24/02/2025 Visualizar PDF

RECLAMAÇÃO. DIREITO DO TRABALHO. TERCEIRIZAÇÃO DE SERVIÇOS PARA CONSECUÇÃO DE ATIVIDADE-FIM. ALEGAÇÃO DE AFRONTA À AUTORIDADE DA DECISÃO PROFERIDA POR ESTA SUPREMA CORTE NA ARGUIÇÃO DE DESCUMPRIMENTO DE PRECEITO FUNDAMENTAL 324. OCORRÊNCIA. PRECEDENTES. RECLAMAÇÃO QUE SE JULGA PARCIALMENTE PROCEDENTE.


DECISÃO: Trata-se de reclamação ajuizada por Novelprint Sistemas de Etiquetagem Ltda. contra decisão do Tribunal Regional do Trabalho da 2ª Região, nos autos do Processo nº , 1001247-07.2023.5.02.0068sob a alegação de inobservância das decisões vinculantes proferidas pelo Plenário deste Supremo Tribunal Federal no julgamento da ADPF 324, ADC 48, ADI 3.961, bem como de descumprimento do Tema 725 da sistemática da repercussão geral.

Narra a parte reclamante que no âmbito do processo originário foi reconhecido o vínculo de emprego do ora beneficiário direto com a empresa tomadora de serviços no período de 06/03/2013 a 31/12/2022, nada obstante contrato de prestação de serviços firmado a partir de 06/02/2019, sendo que no período de 06/03/2013 até 05/02/2019 foi registrado o vínculo de emprego na CTPS. Sustenta que, no período posterior à assinatura da carteira de trabalho, a relação entre as partes se deu por meio de pessoa jurídica, de titularidade do autor da reclamação trabalhista, através da qual foram prestados serviços de recursos humanos.

Argumenta, em síntese, que a decisão reclamada afrontou o que decidido na ADPF 324 e no RE 958.252, Tema 725 da repercussão geral, cuja tese se firmou no sentido de declarar a constitucionalidade da terceirização, tanto de atividades-meio quanto de atividades-fim, não havendo que se falar em reconhecimento de vínculo direto por ilicitude da terceirização. Alega, nesse sentido, que a decisão reclamada desconsiderou contrato licitamente firmado por pessoa capaz, que não alegou sequer vício de consentimento na formação do negócio jurídico.

Requer a concessão de liminar para suspender a decisão reclamada e, no mérito, pugna pela procedência da reclamação, a fim de que seja cassada a decisão proferida nos autos do Processo nº . 1001247-07.2023.5.02.0068

A parte beneficiária da decisão reclamada apresentou contestação, alegando, em síntese, a ausência de estrita aderência entre a decisão reclamada e os paradigmas apontados, uma vez que a contratação se deu com pessoa física e não jurídica, tendo sido reconhecida a fraude na contratação (doc. 33).

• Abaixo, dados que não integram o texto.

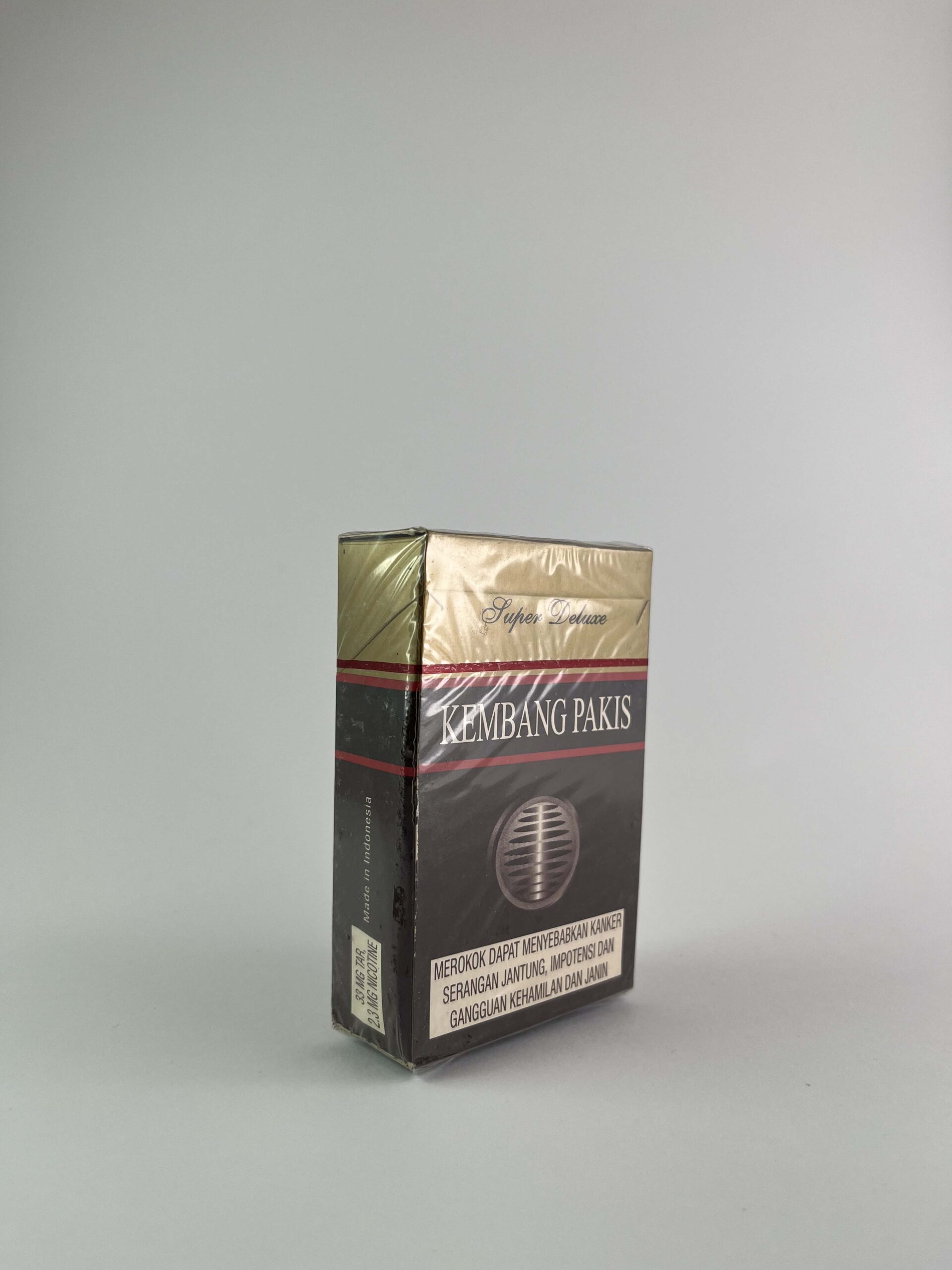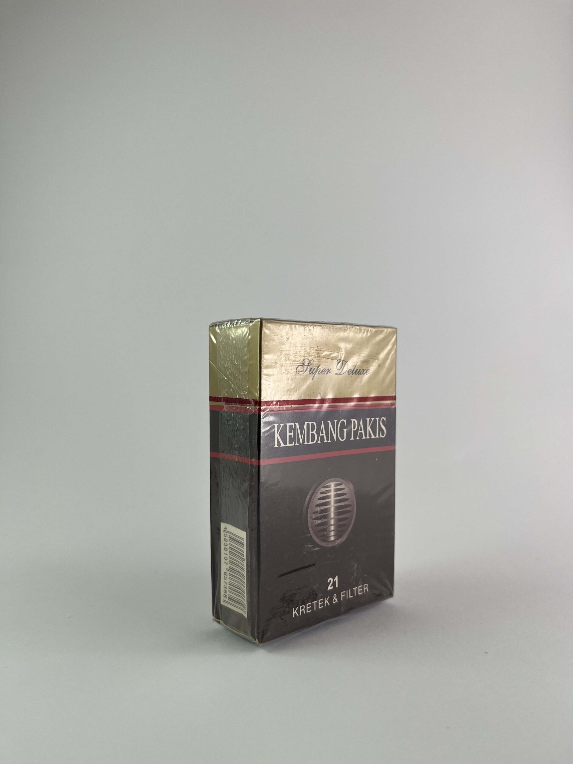 Description: This pack of Kembang Pakis cigarettes, marked "Super Deluxe", reflects the Indonesian tobacco culture, especially the tradition of "kretek" cigarettes. The design is elegant and luxurious, maintaining a dark and solid style that is suitable for premium products. The packs of this brand are known for their high quality and distinctive taste, which are appreciated both in the local and international markets.

Dispensa-se, no caso concreto, a manifestação da Procuradoria-Geral da República, em homenagem ao princípio da celeridade processual e com esteio no art. 52, parágrafo único, do RISTF.


É o relatório. DECIDO.


Ab initio, pontuo que a reclamação, por expressa determinação constitucional, destina-se a preservar a competência desta Suprema Corte e a garantir a autoridade de suas decisões, ex vi do artigo 102, inciso I, alínea l, além de salvaguardar a estrita observância de preceito constante em enunciado de Súmula Vinculante, nos termos do artigo 103-A, § 3º, ambos da Constituição Federal.

Nada obstante já encontrasse previsão na legislação anterior, a reclamação adquiriu especial relevo no atual Código de Processo Civil, enquanto meio assecuratório da observância da jurisprudência vinculante dos Tribunais Superiores e no afã da criação de um sistema de precedentes no processo civil brasileiro. Nesse sentido, o Código passou a prever, além das hipóteses diretamente depreendidas do texto constitucional (art. 988, I, II e III), o cabimento da reclamação para a garantia da observância de acórdão proferido em julgamento de incidente de resolução de demandas repetitivas ou de incidente de assunção de competência” (artigo 988, IV).   

Embora tenha sistematizado a disciplina jurídica da reclamação e ampliado em alguma medida seu âmbito de aplicação, o novo diploma processual não alterou a natureza eminentemente excepcional do instituto. Deveras, a excepcionalidade no manejo da reclamação é depreendida a todo tempo da redação do novo CPC, seja pela vedação de sua utilização como sucedâneo de ação rescisória (art. 988, §5º, I), seja pela exigência de prévio esgotamento das instâncias ordinárias, no caso de reclamação fundada na inobservância de tese fixada em recurso extraordinário com repercussão geral reconhecida (art. 988, §5º, II).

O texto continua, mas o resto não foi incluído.